Assuming that F1, F2, F3 have m bit.For F1, first take most significant bit (by the m bit of F1 and 2m-1It patrols Collect and operate), then by acquired results, to moving to left 2*m, (m bit of gained is multiplied by 22m), then take time high order bit (by F1 M bit and 2m-2Do logical AND operation), by acquired results, to the position 2* (m-1) is moved to left, (m bit of gained is multiplied by 22(m-1)), Acquired results and the value after highest bit operating are added up, and so on, each bit does similar operations, adds up, to the last One bit, it is assumed that obtained accumulated value is f1.Same operation is done respectively to F2, F3, it is f2, f3 to obtain accumulated value.By f1, As a result, this three does logic or operation obtains more bit Bloom filters after result and f3 move to right two after f2 moves to right one (it is)。
Since the design of the above Bloom filter can lead to a problem:When a Bloom filter returns to true, I Need to inquire corresponding two sublists.If than x in i-th of Bloom filter, then need in sublist TiOr Tz-i+1In look into It askes.In order to reduce the sublist number of inquiry, an additional Bloom filter, referred to as F are increasedhalf, it is responsible for the of record sublist Two parts, i.e.,
In addition matrix Hash uses bitmap also in piece, and there are one each sublists, and bitmap is corresponding, each in bitmap A bucket in the corresponding sublist of bit is corresponding.It is 0 that empty barrel, which corresponds to the bit in bitmap, and non-empty barrel is 1.

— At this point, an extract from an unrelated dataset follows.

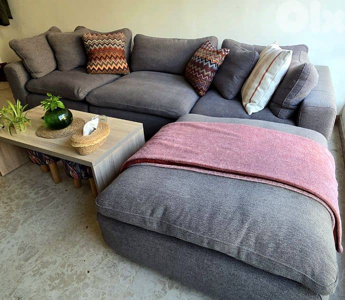 مركّب حالياً على شكل كنبة L (كما هو موضح في الصور)

The false positive rate of two, matrixes Hash derives
There are two Bloom filters for matrix Hash:FmAnd Fhalf.Assuming that n is the number of key-value pair, z sublist reassembles into A sublist.Assuming that FmThere is m case, has in each caseA bit, thisA bit corresponds to respectivelyA sublist.Assuming that FmThere is k son Table,FmThe positive rate of vacation and form the independent of itA Bloom filter is equal.Therefore FmThe positive rate of vacation such as use f (Fm) indicate, formula is as follows:
If the number for returning to the Bloom filter of true is u+1, false sun rate formula is:
f(Fm, u)=0.5k*u*(1-0.5k(z-u-1))
FhalfEqually there are k hash function, FhalfThe positive rate of vacation be:f(Fhalf)=0.5k.If only FmTrue is returned, And key-value pair exists only in a sublist, then does not report by mistake, and the probability that this event occurs is (1-f (Fm))*(1-f (Fhalf)).If only FmTrue is returned, and reports that key-value pair is present in u+1 sublist, there will be u wrong report, this things The probability of part is f (Fm,u)*(1-f(Fhalf)).If only FhalfOne wrong report of report, the probability that this event occurs are (1- f(Fm))*f(Fhalf).If FmThere are u wrong report, and FhalfThere are one wrong report, the probability that this event occurs is f (Fm,u)*f (Fhalf)。
Such as:As z=8 and k=16, the positive rate of vacation of matrix Hash is 1- (1-f (Fm))*(1-f(Fhalf))≈6.1* 10-5, this number is very small.
The insertion of three, key-value pairs, deletes mode at inquiry
In key assignments storage system, matrix hash algorithm is inserted into, inquiry, deletes the concrete operations embodiment of key-value pair such as Under:
1. the inserted mode of key-value pair
For a given key-value pair, key x is inserted into.Check whether z candidate bucket is empty by bitmap first.So Key-value pair is inserted into the minimum sublist of charging ratio afterwards, to balance all sublist charging ratios.Assuming that the sublist to be inserted into index For i.IfThen update FiTo indicate x in sublist TiIn, update corresponding bitmap;If sublist indexesIt need to be by Fz-i+1It more newly arrives and indicates x in sublist TiIn, and update FhalfWith corresponding bitmap.In insertion process, it is By in a case with FiCorresponding bit is set to 1, will be in this caseA bit and 2i-1Do logic or operation.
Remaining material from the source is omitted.